Make no mistake; I am not naive enough to think that everybody gets their true love on the first try.  I do however believe with all my heart that fate chucks down an apple for all of us, and that with patience and determination everyone is capable of keeping "true love" alive.  Still, the beauty of life isn't in making it to some movie ordained perfect ending, it's in chiseling out a happily every second for yourself, making the choice to do everything you can with what you're given.  Who knows what fate might throw your way next?

Tuesday, May 10, 2011

Post #321: Which Contains Shopping, Television and a few Tears, But Mostly Lots of Love

Ever wondered what unemployed Army wives without children do all day?  It's not exactly a thrilling schedule.  There are a lot of trips to the Commissary, the PX, the mall downtown.  There are lunches and babysitting with other wives.  Many hours are logged gathering the ten thousand pieces of my husband's Army issued gear into one place (only to have it pulled out again later in the week).  Occasionally something exciting happens and I actually do my mountain of dishes.  But mostly I watch a lot of television series via the internet.

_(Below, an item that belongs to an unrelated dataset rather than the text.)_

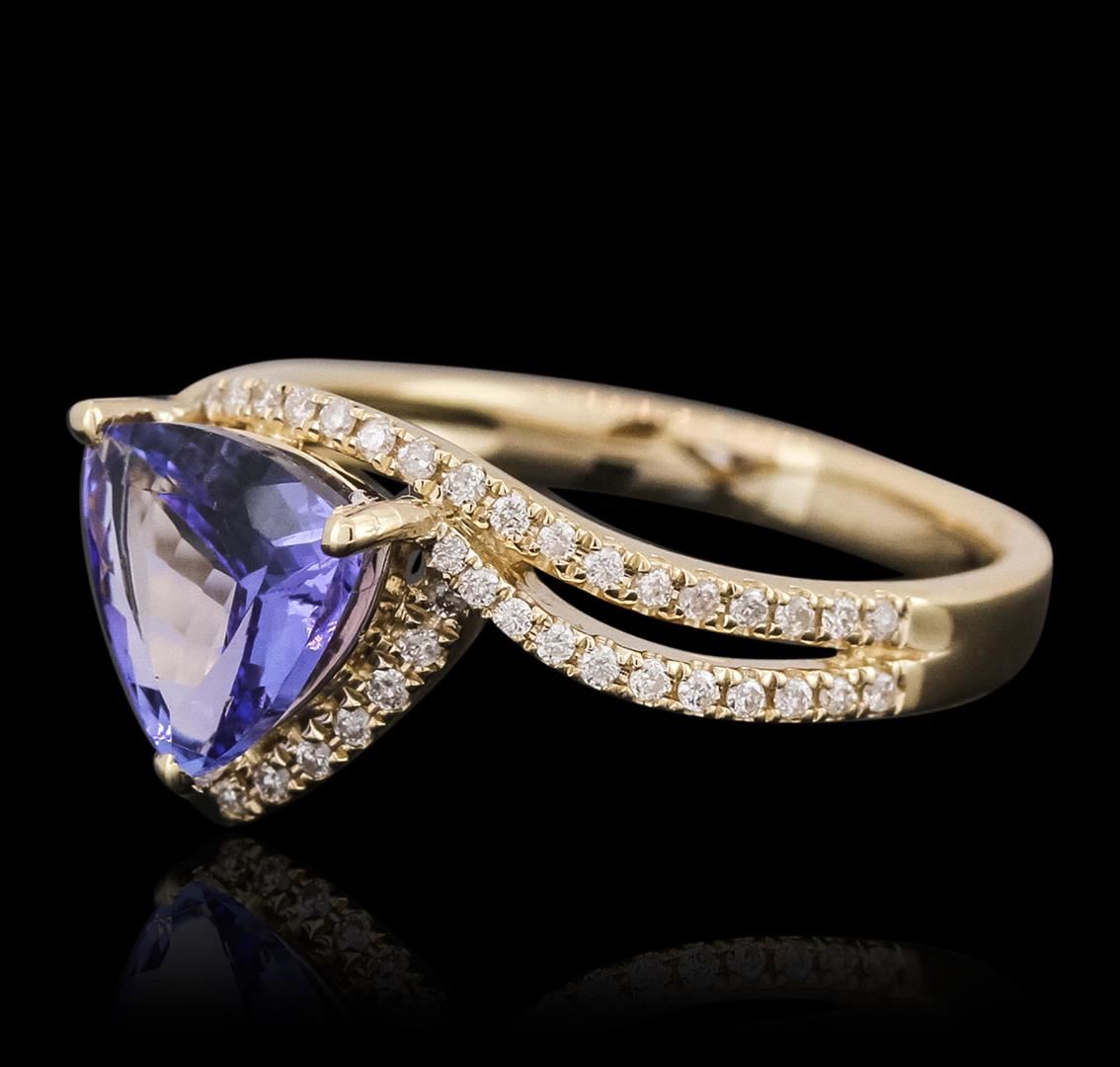 One electronically tested 14KT yellow gold ladies cast tanzanite and diamond ring with a bright polish finish. The featured tanzanite is set within a stylized diamond set bypass design, completed by a two and one-half millimeter wide band. Identified with markings of "14K". Condition is new, good workmanship. Containing: One prong set triangle mixed cut natural tanzanite, measuring 6.20 x 6.20 x 4.10mm, 8% bulge factor, approximate weight of 1.03ct., clarity is eye clean, type I, dark, very slightly grayish, violetish blue color, (GIA vB 7/3), cut is good. Transmitting light with no distortion, transparent. Graded in the setting. Tanzanite is a very rare gemstone that is only found in the country of Tanzania. Originally discovered in 1967. Tiffany & Company, named the stone Tanzanite. It is found in the Usumburu Mountains that border the Umba Valley of northern Tanzania. Tanzanite occurs in gray, brown, violet, blue, reddish-purple, & green. The gem is interesting because of its exceptional pleochroism. Rotated in different directions a tanzanite will exhibit multiple changes of color. Tanzanite has a low tolerance to ultrasonic cleaning, and should not be cleaned using this method. Sixty prong set round brilliant cut diamonds, measuring 1.10 - 1.00 x 0.63mm (depth est.) approximate total weight of 60 Stones = 0.35ct. Graded in the setting. Clarity: SI-2 to I-2. Color: G - I. Total Weight of Colored Stones 1.03ct. Total Weight of Diamonds 0.35ct. Total Weight of Ring 4.01 grams. AIG Appraised at $3,960.00.

Recently I've been watching One Tree Hill.  The first few episodes weren't anything special, but I waited it out until I got a little further in, and now I'm hooked.  There is one scene in particular that I can't get out of my head.  At one point, a character says that when you dream of someone that has died, it's like the spirit's version of email -- a loved one's way of letting you know they still care.  I have a strong desire to believe this is true.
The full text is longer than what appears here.